— Data provided —
================================
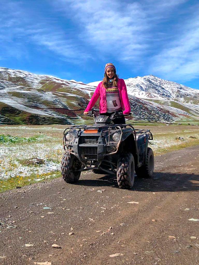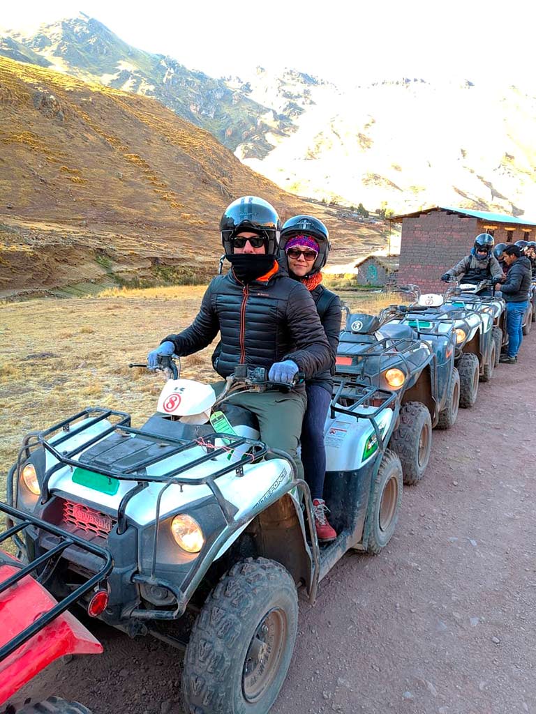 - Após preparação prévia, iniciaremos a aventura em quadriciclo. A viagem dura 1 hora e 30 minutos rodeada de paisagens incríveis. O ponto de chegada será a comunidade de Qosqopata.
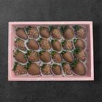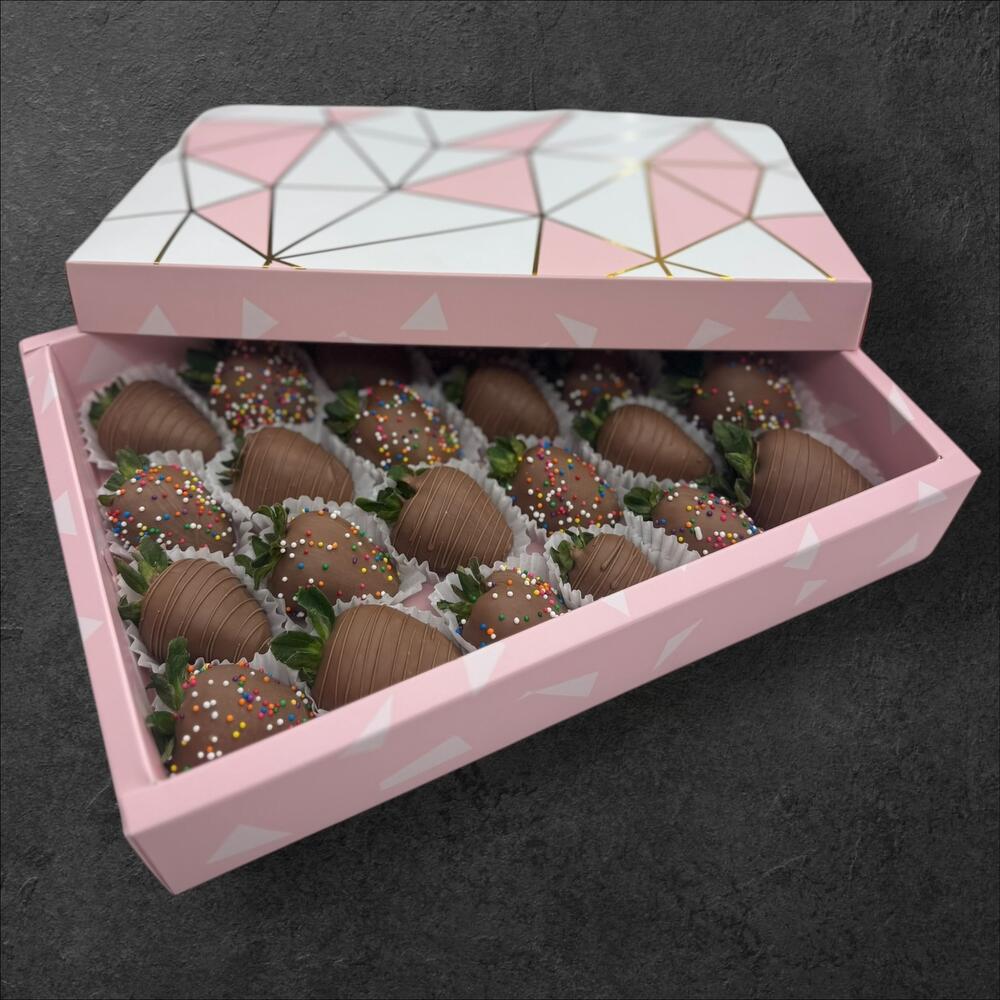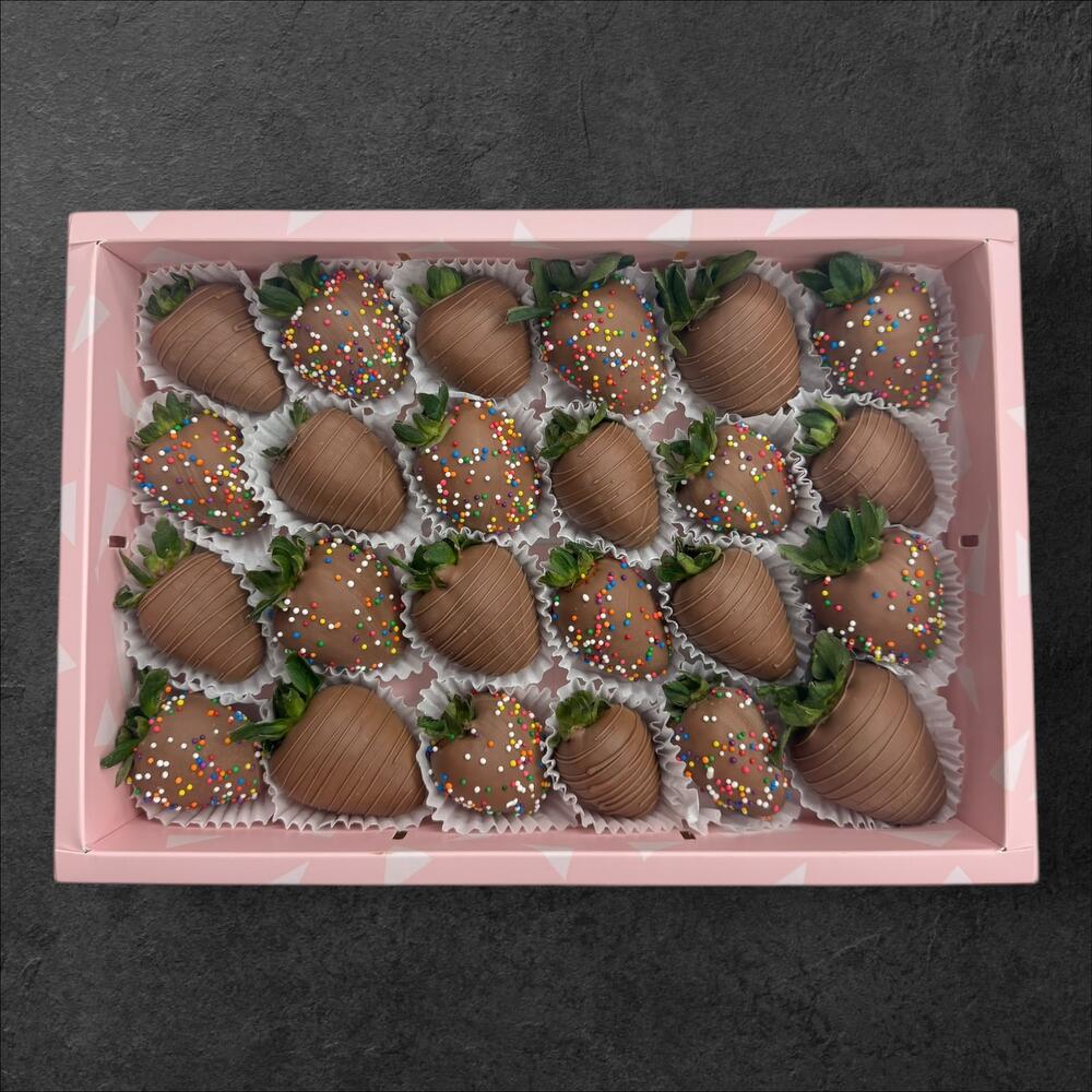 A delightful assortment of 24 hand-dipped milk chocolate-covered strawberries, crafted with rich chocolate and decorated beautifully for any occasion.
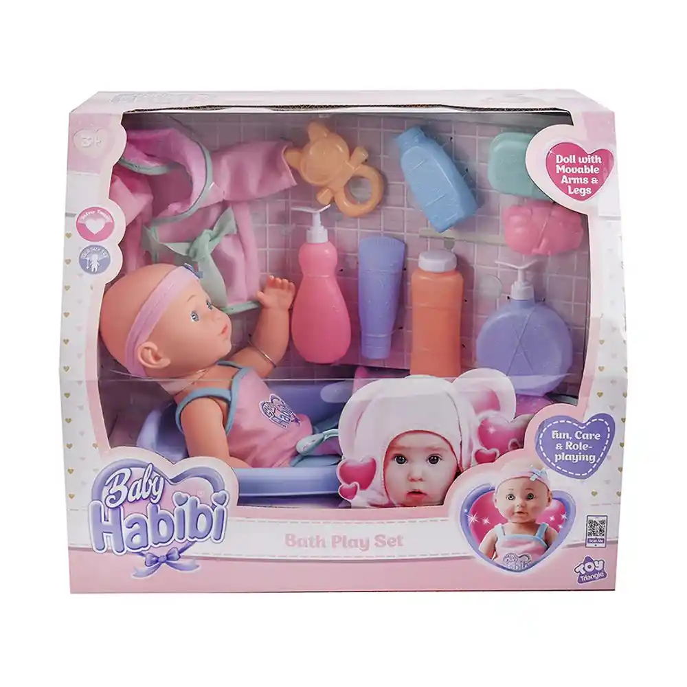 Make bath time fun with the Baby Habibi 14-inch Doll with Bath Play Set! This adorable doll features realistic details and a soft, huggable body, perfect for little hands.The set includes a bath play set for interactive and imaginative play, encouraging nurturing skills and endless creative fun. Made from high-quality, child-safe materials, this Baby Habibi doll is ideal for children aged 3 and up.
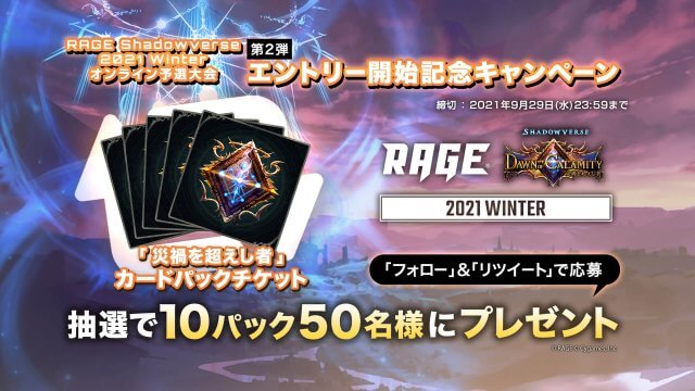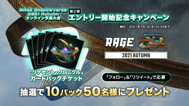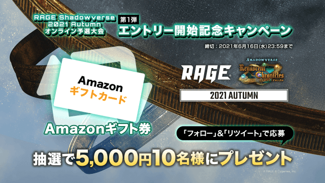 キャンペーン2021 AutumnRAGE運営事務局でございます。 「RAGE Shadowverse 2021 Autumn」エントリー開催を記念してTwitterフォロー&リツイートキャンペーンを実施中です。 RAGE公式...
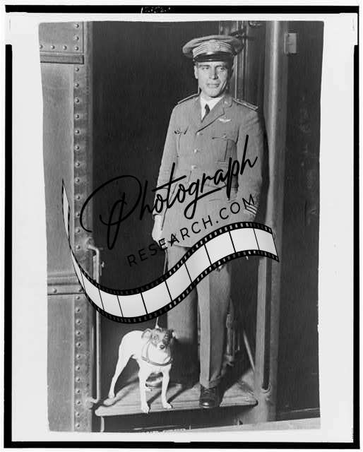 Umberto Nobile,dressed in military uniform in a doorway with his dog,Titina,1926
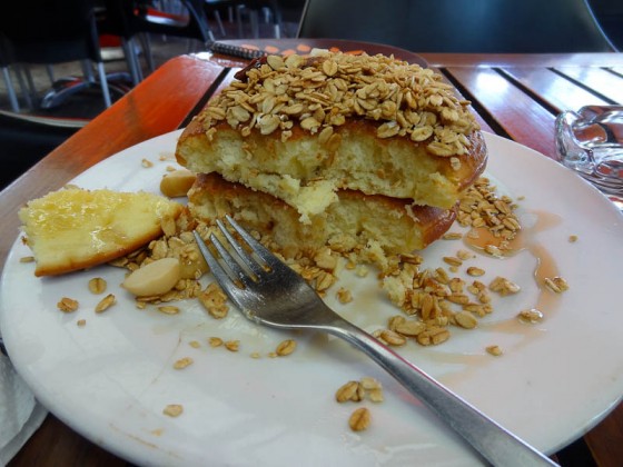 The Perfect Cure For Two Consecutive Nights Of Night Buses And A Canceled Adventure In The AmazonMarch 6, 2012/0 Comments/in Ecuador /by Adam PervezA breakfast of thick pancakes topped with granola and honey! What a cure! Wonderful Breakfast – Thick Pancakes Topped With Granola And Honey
================================
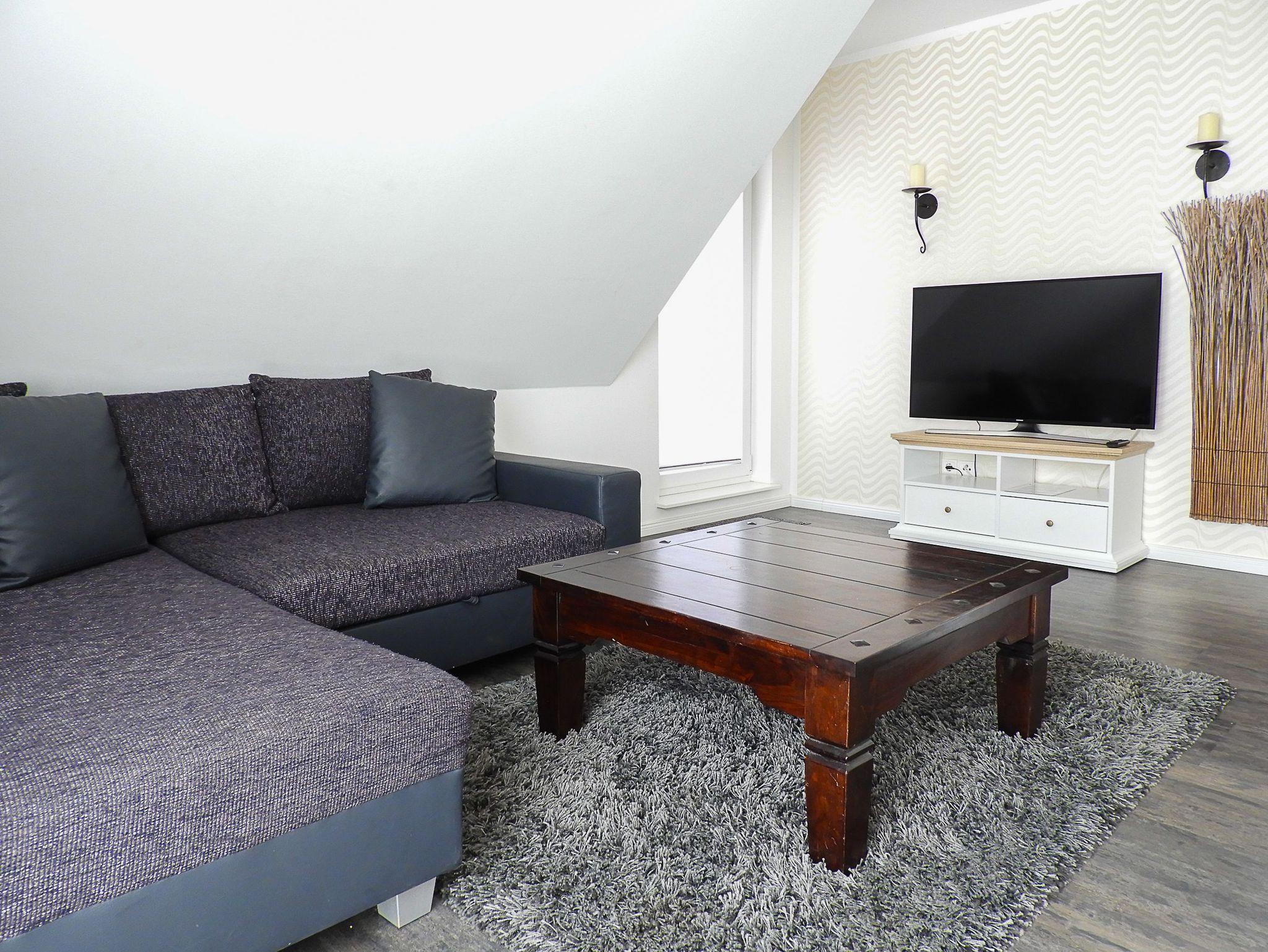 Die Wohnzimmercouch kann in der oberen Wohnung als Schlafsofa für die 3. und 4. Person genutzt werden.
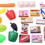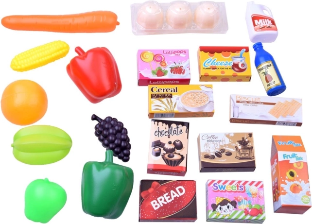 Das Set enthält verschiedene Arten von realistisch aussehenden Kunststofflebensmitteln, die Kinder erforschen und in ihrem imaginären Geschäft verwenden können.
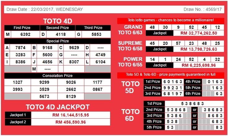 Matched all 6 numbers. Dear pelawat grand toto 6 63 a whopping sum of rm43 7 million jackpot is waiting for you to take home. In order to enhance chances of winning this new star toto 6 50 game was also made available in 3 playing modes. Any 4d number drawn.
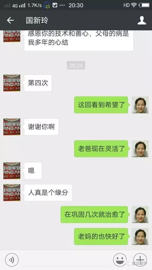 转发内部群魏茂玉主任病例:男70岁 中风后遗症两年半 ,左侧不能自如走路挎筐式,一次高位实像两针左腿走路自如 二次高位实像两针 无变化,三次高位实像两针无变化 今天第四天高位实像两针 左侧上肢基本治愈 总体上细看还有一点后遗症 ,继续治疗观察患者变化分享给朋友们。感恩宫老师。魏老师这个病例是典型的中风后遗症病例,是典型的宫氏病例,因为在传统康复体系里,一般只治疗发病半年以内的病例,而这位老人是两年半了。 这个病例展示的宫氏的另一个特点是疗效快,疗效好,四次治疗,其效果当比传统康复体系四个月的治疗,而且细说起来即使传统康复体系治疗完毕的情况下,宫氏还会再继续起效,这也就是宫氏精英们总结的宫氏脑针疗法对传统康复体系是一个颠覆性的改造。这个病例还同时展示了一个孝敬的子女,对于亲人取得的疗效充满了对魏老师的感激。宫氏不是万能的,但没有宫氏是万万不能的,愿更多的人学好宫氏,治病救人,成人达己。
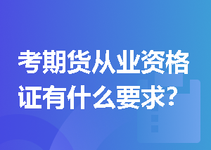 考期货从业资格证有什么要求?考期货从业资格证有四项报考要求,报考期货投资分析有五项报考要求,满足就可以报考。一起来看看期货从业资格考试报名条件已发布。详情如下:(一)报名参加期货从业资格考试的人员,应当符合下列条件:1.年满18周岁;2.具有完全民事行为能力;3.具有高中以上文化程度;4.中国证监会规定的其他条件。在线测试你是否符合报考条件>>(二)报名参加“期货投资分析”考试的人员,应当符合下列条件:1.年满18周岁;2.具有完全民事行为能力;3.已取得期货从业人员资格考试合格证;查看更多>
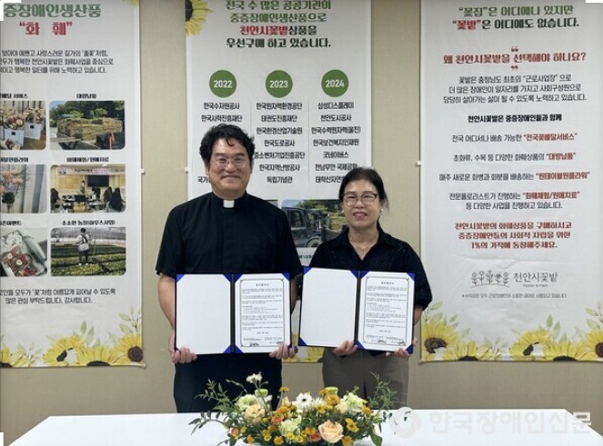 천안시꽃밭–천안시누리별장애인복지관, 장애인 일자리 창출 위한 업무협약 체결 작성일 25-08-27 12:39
================================
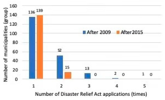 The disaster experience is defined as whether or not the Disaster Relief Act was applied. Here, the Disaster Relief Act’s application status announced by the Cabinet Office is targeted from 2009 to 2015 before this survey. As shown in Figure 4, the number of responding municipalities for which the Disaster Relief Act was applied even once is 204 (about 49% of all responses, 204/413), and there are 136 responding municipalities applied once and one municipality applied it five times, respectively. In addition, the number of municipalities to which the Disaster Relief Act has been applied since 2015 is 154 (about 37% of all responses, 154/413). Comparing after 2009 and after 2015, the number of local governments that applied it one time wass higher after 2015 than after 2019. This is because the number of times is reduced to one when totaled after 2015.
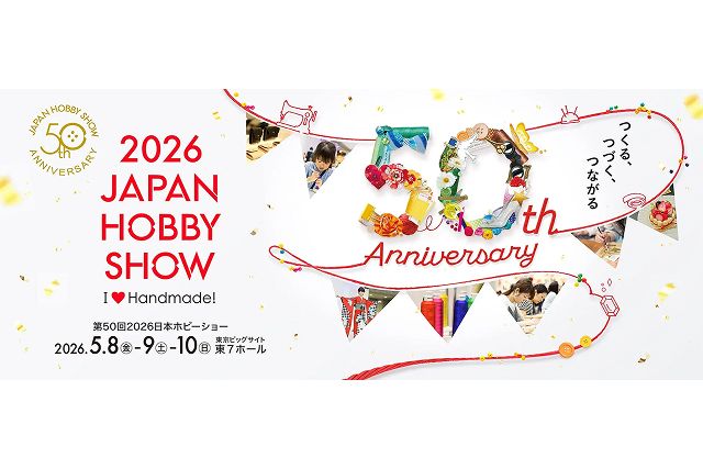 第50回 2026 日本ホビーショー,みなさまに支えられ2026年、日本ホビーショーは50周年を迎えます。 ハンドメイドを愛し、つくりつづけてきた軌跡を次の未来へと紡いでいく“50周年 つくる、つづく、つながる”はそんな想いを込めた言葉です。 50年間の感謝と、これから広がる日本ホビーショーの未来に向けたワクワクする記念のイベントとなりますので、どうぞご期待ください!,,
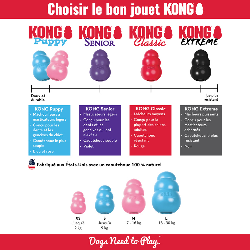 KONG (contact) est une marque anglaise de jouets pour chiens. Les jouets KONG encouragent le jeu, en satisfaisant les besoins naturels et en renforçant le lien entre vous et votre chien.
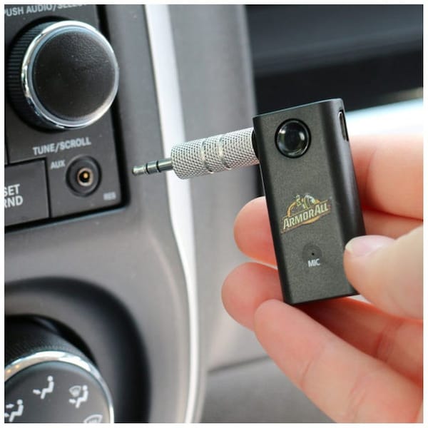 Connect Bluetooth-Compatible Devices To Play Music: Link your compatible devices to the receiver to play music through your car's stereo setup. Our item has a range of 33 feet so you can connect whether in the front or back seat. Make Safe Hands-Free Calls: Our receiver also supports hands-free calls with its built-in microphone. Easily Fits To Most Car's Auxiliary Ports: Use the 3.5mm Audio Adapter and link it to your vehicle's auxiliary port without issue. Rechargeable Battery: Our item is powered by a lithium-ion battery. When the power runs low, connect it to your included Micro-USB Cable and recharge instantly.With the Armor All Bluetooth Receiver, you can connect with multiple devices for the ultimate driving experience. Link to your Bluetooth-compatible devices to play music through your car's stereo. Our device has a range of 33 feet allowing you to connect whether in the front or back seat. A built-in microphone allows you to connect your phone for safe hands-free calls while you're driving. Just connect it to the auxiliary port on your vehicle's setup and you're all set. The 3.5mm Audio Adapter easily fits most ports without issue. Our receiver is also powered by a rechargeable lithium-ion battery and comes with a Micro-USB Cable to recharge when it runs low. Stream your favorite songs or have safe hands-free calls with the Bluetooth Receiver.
================================
Work from the entries above. Set down exactly and only the lines from the line with "- Após preparação" to the line with "The Perfect Cure", both included, and leave the pictures out.

— Solution to the problem —
 - Após preparação prévia, iniciaremos a aventura em quadriciclo. A viagem dura 1 hora e 30 minutos rodeada de paisagens incríveis. O ponto de chegada será a comunidade de Qosqopata.
 A delightful assortment of 24 hand-dipped milk chocolate-covered strawberries, crafted with rich chocolate and decorated beautifully for any occasion.
 Make bath time fun with the Baby Habibi 14-inch Doll with Bath Play Set! This adorable doll features realistic details and a soft, huggable body, perfect for little hands.The set includes a bath play set for interactive and imaginative play, encouraging nurturing skills and endless creative fun. Made from high-quality, child-safe materials, this Baby Habibi doll is ideal for children aged 3 and up.
 キャンペーン2021 AutumnRAGE運営事務局でございます。 「RAGE Shadowverse 2021 Autumn」エントリー開催を記念してTwitterフォロー&リツイートキャンペーンを実施中です。 RAGE公式...
 Umberto Nobile,dressed in military uniform in a doorway with his dog,Titina,1926
 The Perfect Cure For Two Consecutive Nights Of Night Buses And A Canceled Adventure In The AmazonMarch 6, 2012/0 Comments/in Ecuador /by Adam PervezA breakfast of thick pancakes topped with granola and honey! What a cure! Wonderful Breakfast – Thick Pancakes Topped With Granola And Honey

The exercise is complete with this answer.